# Reciprocity



## Moving (Mar 9, 2010)

Hi all
I am hoping someone can help me with my question about reciprocity.  I am currently an NREMT-B and Colorado Certified EMT-B.  I am looking at moving soon, but I am not exactly sure where, generally I am looking at the great lakes area/ the northern states.  I am especially looking in Michigan, Ohio, Pennsylvania, and Wisconsin, but also Minnesota,  Vermont, Maine, New York state, places in those areas.  I am having trouble finding out which states would recognize my certification and give me reciprocity.. most jobs require you to have their states certification, but for certification in many states, you are required to live there or have a job offer.  I know Ohio would require me to take an advanced airway class (about 12 hours) before certifying me, but I am not sure about the others. I am especially trying to find out which would require me to take additional classes or exams.  
Thanks!


----------



## EMSLaw (Mar 9, 2010)

If you have your NREMT or state cert, Pennsylvania doesn't require you to retest.  Their information is here.

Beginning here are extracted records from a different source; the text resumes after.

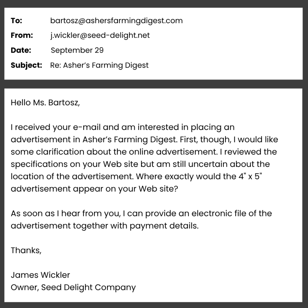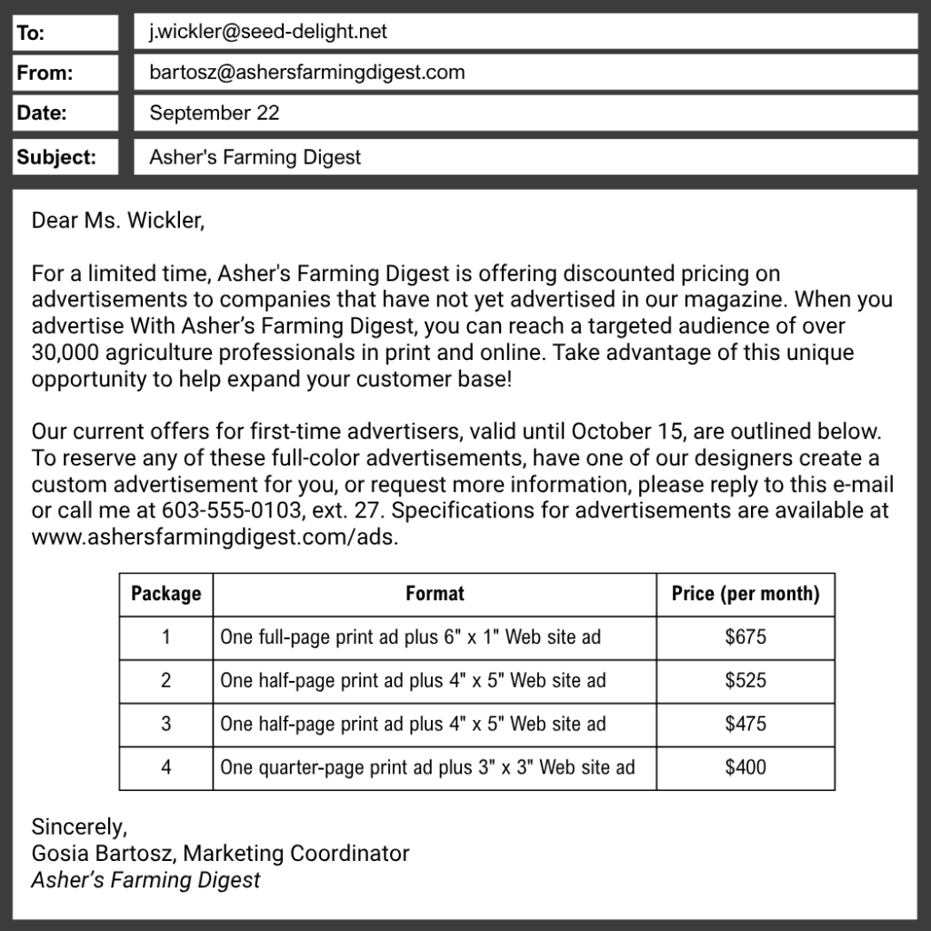 Dẫn chứng: Ông Wickler hỏi về quảng cáo 4” x 5” trên web. Trong bảng giá, Package 2 có quảng cáo web đúng kích thước này.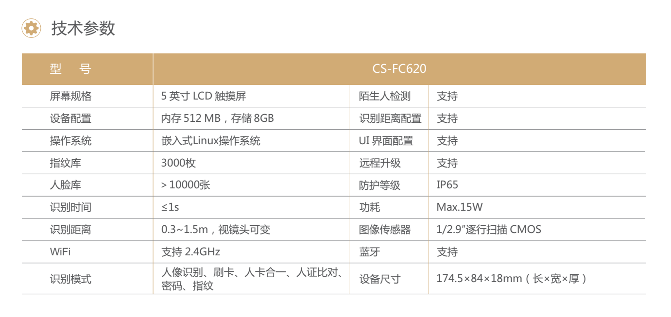 CS-FC620 是一款高性能、高可靠性的人像識別產(chǎn)品,依托深 度 學(xué)習算法,具有識別速度快、準確率高的特點(diǎn)。支持 人像識別, 內置刷卡,指紋識別。 應用場(chǎng)景: 學(xué)校、社區、寫(xiě)字樓、酒店、商場(chǎng)、商店、公共服務(wù)場(chǎng)所等。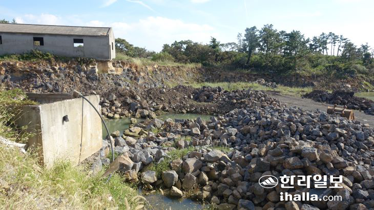 [한라일보] 무허가 절토 작업 과정에서 고인 우수로 인해 주변 농경지에 피해를 일으키고 있다는 주장이 제기됐다.
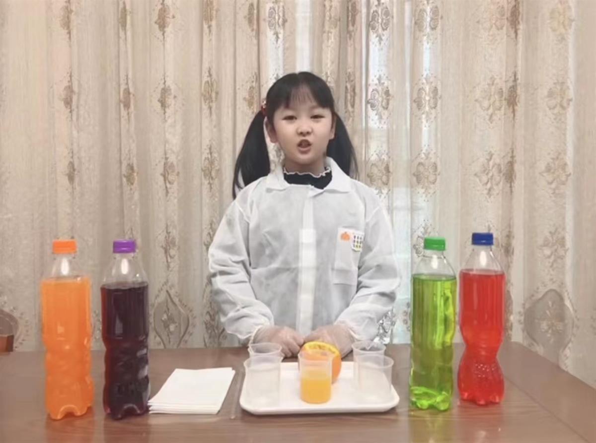 去掉色素的饮料,你还敢喝吗?该班学生蒋雨桐在春节期间就做了这样一个实验。蒋雨桐告诉记者:“我准备了各式饮料,还有一杯新鲜好喝的鲜榨橙汁。然后利用吸色片把饮料中的色素给吸出来。随着实验的进行,各种五颜六色的饮料慢慢变成了白色,但是鲜榨橙汁还是一样好看的橙色。”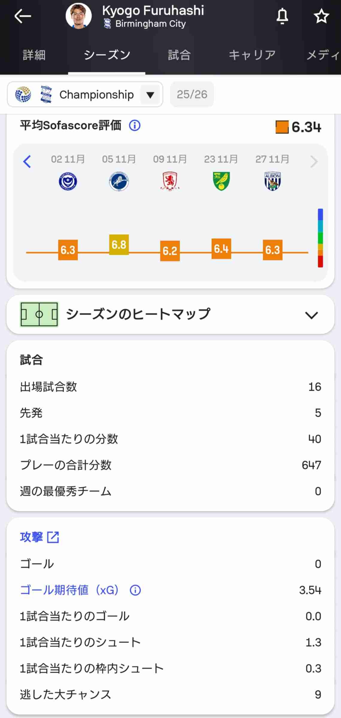 16試合 0ゴール 9ビッグチャンスでのミス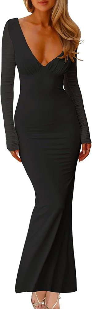 Design:The elegant party dresses are featuring , V - neck, long sleeve, mesh , bodycon fitted, maxi length. No zippers. It's a must - have addition for a trendy wardrobe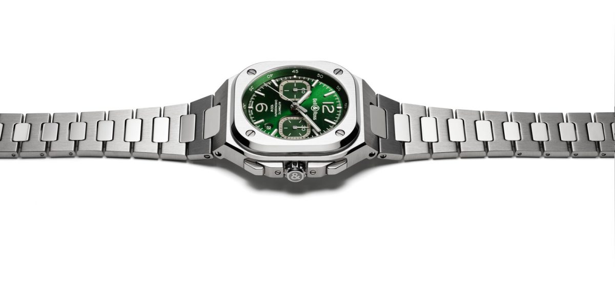 Bell & Ross這次的新作BR 05 Chrono Green Steel採用精鋼材質打造而成,並融合品牌經典方中見圓的外觀線條設計。此外,錶殼四邊皆以平面磨砂及倒角拋光處理,營造絕佳反光效果,呈現此系列想要表達的城市建築之美。而系列共有兩款,一款配有一體式鏈帶,另一款則是綠色膠帶。打造了新穎的「城市綠」意象,提供錶友全新的選擇,同時也為BR 05系列帶來運動款、都市時尚風格腕錶選擇的新生力軍。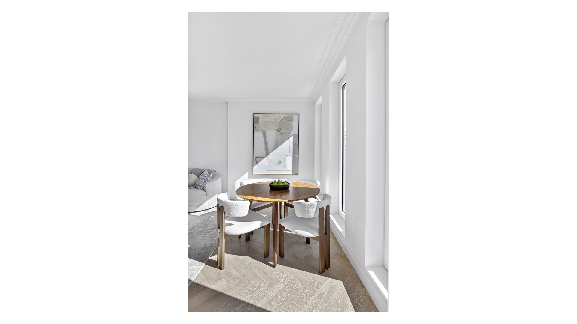 White Oak herringbone wood floors and spectacular custom wall paneling run throughout the primary living spaces, while the gracious living room is punctuated with floor-to-ceiling triple glazed windows. The adjacent private terrace allows for true indoor / outdoor living. The custom Scavolini kitchen features a best-in-class integrated suite of Viking appliances, including an induction cooktop with Savalo marble hood, refrigerator, dishwasher, and microwave. Glass upper cabinets with undermount lighting are paired with Italian Calacatta marble countertops.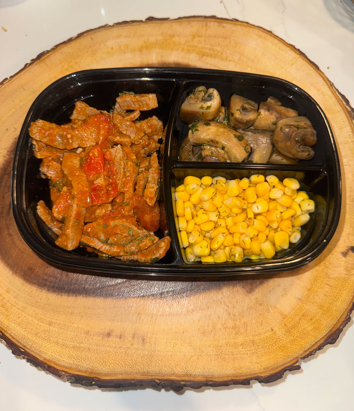 Experience bold, vibrant flavors with our 100% organic Orozco-style beef, finished in a zesty lemon sauce and paired with fresh sliced tomatoes for a bright, savory touch. Served with sweet organic corn and tender garlic mushrooms, this dish delivers the perfect balance of lean protein, wholesome vegetables, and rich Mediterranean-inspired flavor.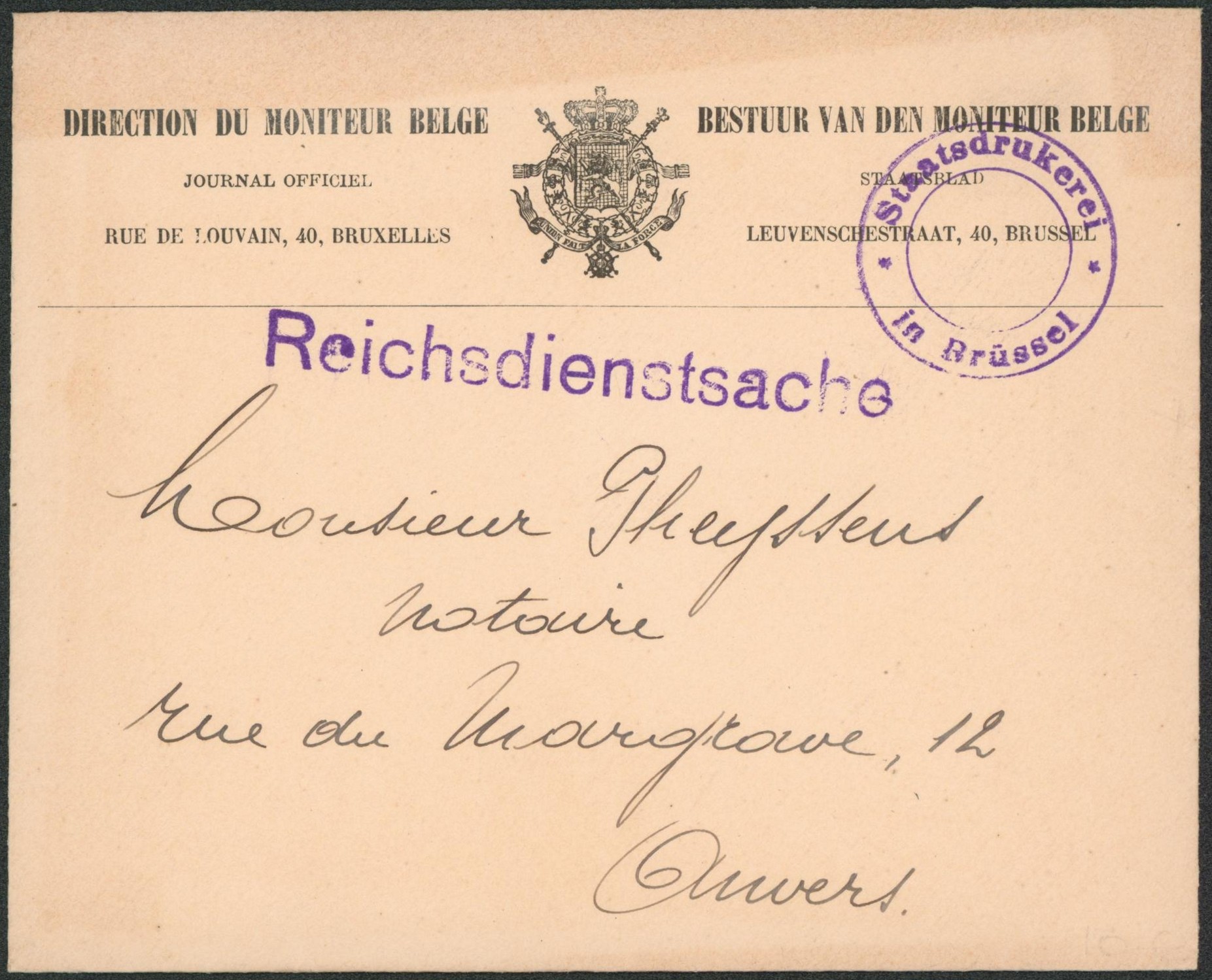 Lettre imprimée DORECTION DU MONITEUR BELGE / BESTUUR VAN DEN MONITEUR BELGE + cachet violet DC "Sttatsdrukeri / In brussel" > Anvers. "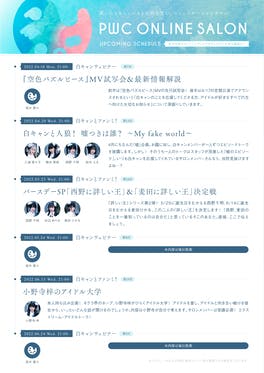2022年4月〜6月の配信スケジュールを公開!サロン限定のファンミやウェビナーをお楽しみください!※各配信日の約1〜2週間前より参加登録を開始します。なお、参加登録に関する情報は、アクティビティにてご案内いたします。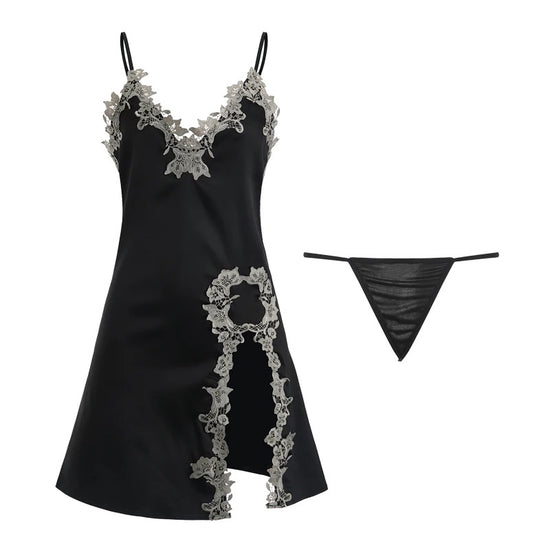 Lacey Silk Sleepwear - Black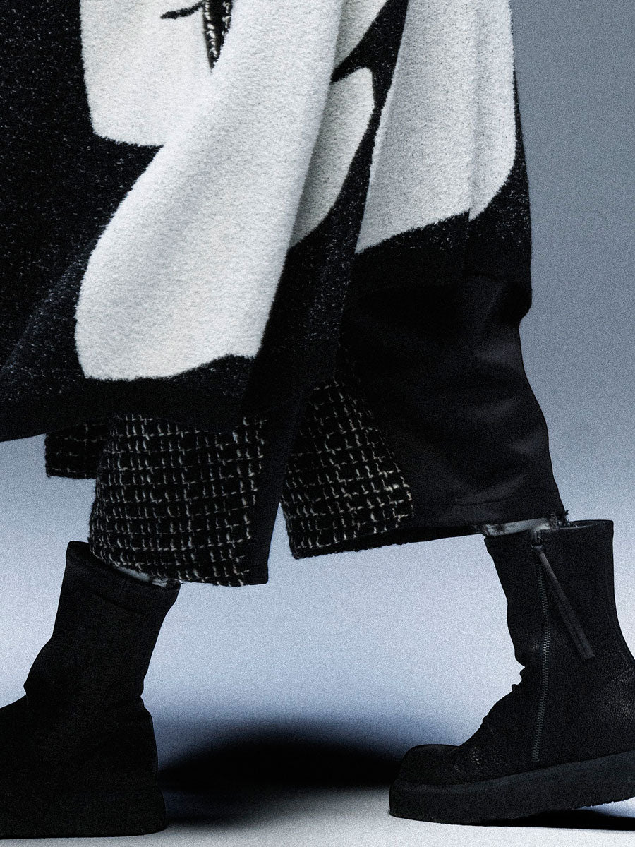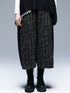 Bold wool mix fabric in a cool wide legged easy fit japanese style pant.   Slight wide palazzo styling into a cut off leg length - inner lining for comfortable wearing, elasticated waistband with belt runners - pockets at side seam.   Back of pant in a heavy slight satin look jersey , in plain black.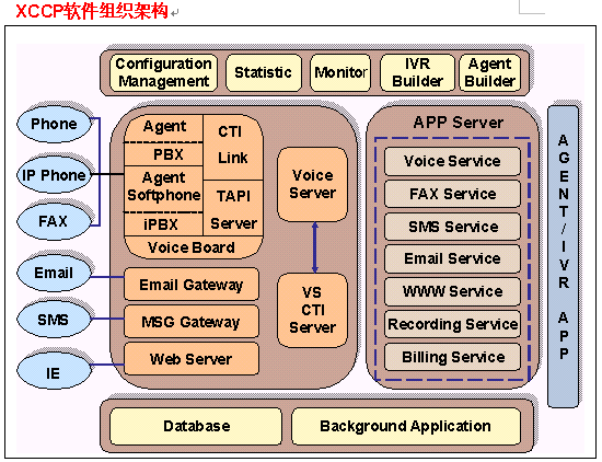 XCCP中自動(dòng)語音菜單是由VoiceXML語言組成的,這些VoiceXML頁面產(chǎn)生和存放都是在應(yīng)用服務(wù)器上進(jìn)行的;應(yīng)用服務(wù)器還存放應(yīng)用邏輯組件或中間件,進(jìn)行事務(wù)處理,IVR和座席子系統(tǒng)的業(yè)務(wù)處理都是通過這些事務(wù)處理來實(shí)現(xiàn)的;同后臺(tái)業(yè)務(wù)系統(tǒng)和數(shù)據(jù)庫通信,也是通過該模塊進(jìn)行的。

New York won't grant you reciprocity on just an NREMT cert, but will if you have a state certification.  Their rules are byzantine, as New York is wont to be, so, take a look here. You have to live, be going to school, or have a job offer in New York.


----------



## rescue99 (Mar 9, 2010)

Moving said:


> Hi all
> I am hoping someone can help me with my question about reciprocity.  I am currently an NREMT-B and Colorado Certified EMT-B.  I am looking at moving soon, but I am not exactly sure where, generally I am looking at the great lakes area/ the northern states.  I am especially looking in Michigan, Ohio, Pennsylvania, and Wisconsin, but also Minnesota,  Vermont, Maine, New York state, places in those areas.  I am having trouble finding out which states would recognize my certification and give me reciprocity.. most jobs require you to have their states certification, but for certification in many states, you are required to live there or have a job offer.  I know Ohio would require me to take an advanced airway class (about 12 hours) before certifying me, but I am not sure about the others. I am especially trying to find out which would require me to take additional classes or exams.
> Thanks!



http://www.michigan.gov/mdch/0,1607,7-132-2946_5093_28508-47476--,00.html

Here's a place to start for Michigan.


----------



## Sodapop (Mar 10, 2010)

This may have some answers or at least contact information for each state you are considering.

http://www.emtlife.com/showthread.php?t=5176


----------